According to the Bioethics Defense Fund, a “pro-life public-interest legal and educational organization” whose mission is to “put law in the service of human life by strategically advocating for the restoration of the fundamental human right to life,” this bill was meant to be “a ‘Texas Plus’ model bill” which “includes the Texas language upheld by the Fifth Circuit, along with enhanced features.” Texas, currently, already holds “some of the most restrictive abortion laws in the country.”

While the constitutionality of the bill was challenged by the Center for Reproductive Rights, the United States Circuit Court Appeals for the Fifth Circuit ruled in Louisiana’s favor in September 2018 and rejected a request for a rehearing this month. Louisiana Attorney General Jeff Landry gleefully applauded the Court’s decision, saying that “Act 620 is a common-sense measure that ensures women will receive proper care if they have complications.”

By allowing for the removal of abortion clinics in the state of Louisiana, the Fifth Circuit permitted the state to commit a blatant and disgusting attack on pregnant people by imposing undue burdens on their natural and constitutional rights to terminate a pregnancy as found in Roe v. Wade.

While components of the bill copied, if not also intensified Texas’ strictness on abortions, we must remember that the U.S. Supreme Court in Whole Woman’s Health v. Hellerstedt struck down the Texas Omnibus Abortion Bill H.B. 2 that requires admitting privileges and ambulatory surgical center requirements with a 5-3 ruling, in part due to the undue burdens that these requirements would bring.

In her majority opinion, Supreme Court Justice Ruth Bader Ginsburg declared that “it is beyond rational belief that H.B. 2 could genuinely protect the health of women and certain that the law would simply make it more difficult for them to obtain abortions.”

Healthcare, from treating the common cold to abortions, should always be both easy to seek and easy to afford for American citizens. While state governments are allowed to regulate abortions due to Roe v. Wade, removing abortion clinics makes seeking medical treatment more difficult to obtain, a standard declared unacceptable by the Supreme Court in Planned Parenthood v.
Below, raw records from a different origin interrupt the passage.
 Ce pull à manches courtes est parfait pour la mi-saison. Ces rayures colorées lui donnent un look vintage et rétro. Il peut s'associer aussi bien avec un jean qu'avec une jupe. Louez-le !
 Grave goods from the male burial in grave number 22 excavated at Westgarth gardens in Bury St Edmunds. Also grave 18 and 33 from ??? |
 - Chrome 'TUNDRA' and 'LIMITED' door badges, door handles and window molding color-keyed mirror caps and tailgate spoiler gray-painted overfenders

Casey. Pregnant people in those states which do not have an adequate amount of abortion clinics may have ventured to one in Louisiana. The removal of this opportunity infringes the constitutional right due to time and cost constraints, and further puts a heavy burden on doctors by requiring them to travel to hospitals.

While Texas’ bill was overturned, most of its abortion clinics were already shut down by the time the high court made its decision. Here in Louisiana, the same circumstance must not be allowed to happen. The Center for Reproductive Rights filed an emergency motion with the United States Supreme Court on Jan. 25 reminding us that the danger that the Louisiana House of Representatives flagrantly imposed upon reproductive rights should neither be ignored nor forgotten.
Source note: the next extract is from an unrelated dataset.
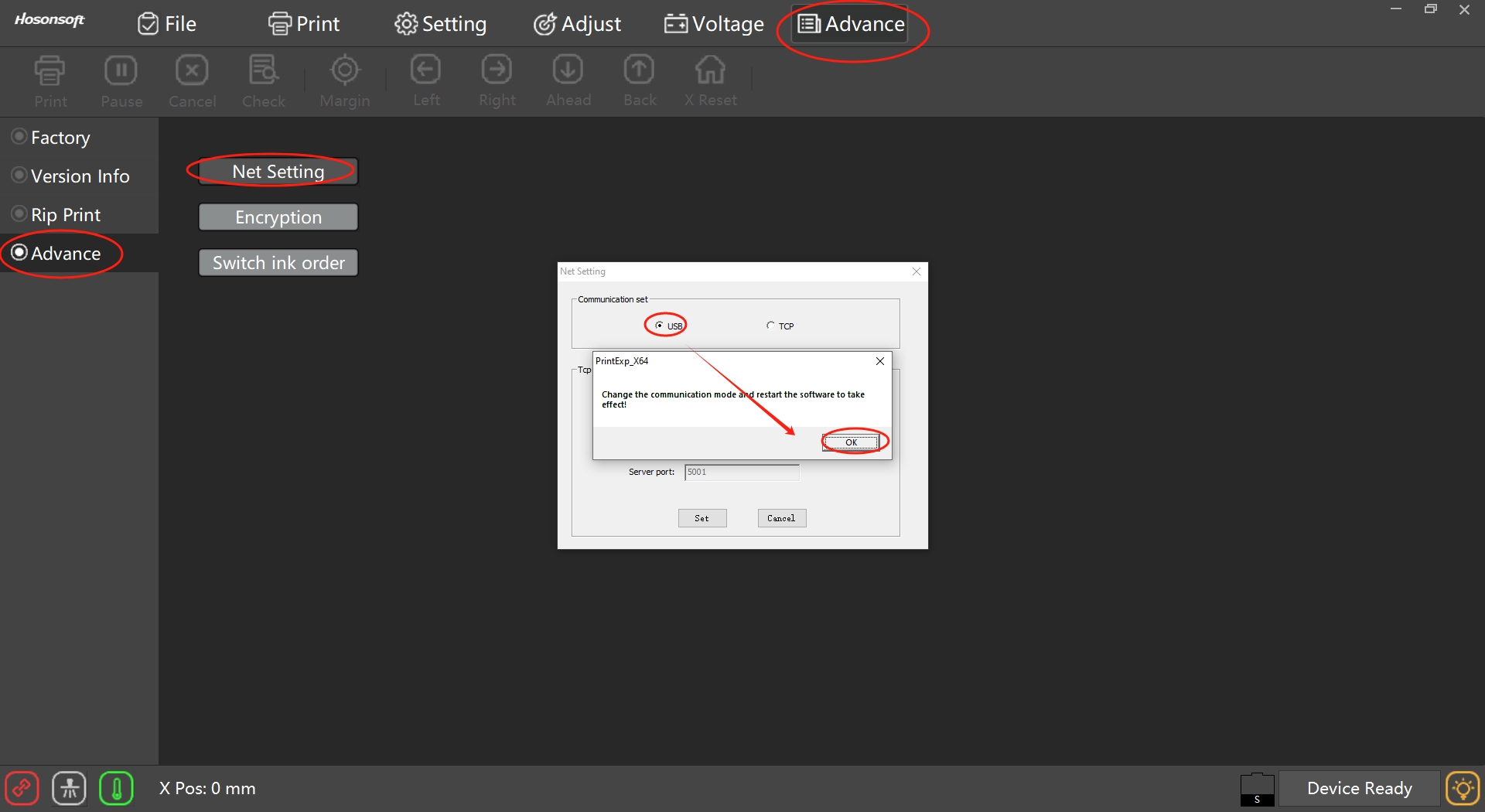 Check the communication set of the software, change it to "USB", and then restart the software.

Current Democratic governor John Bel Edwards, once the minority leader of the Louisiana House of Representatives, voted in favor of the Unsafe Abortion Protection Act back in 2014. While Edwards has pursued efforts to drastically increase healthcare access across the state, his virtues of restricting access to abortion should be questioned and debated during his reelection campaign as Louisiana’s gubernatorial election this October approaches.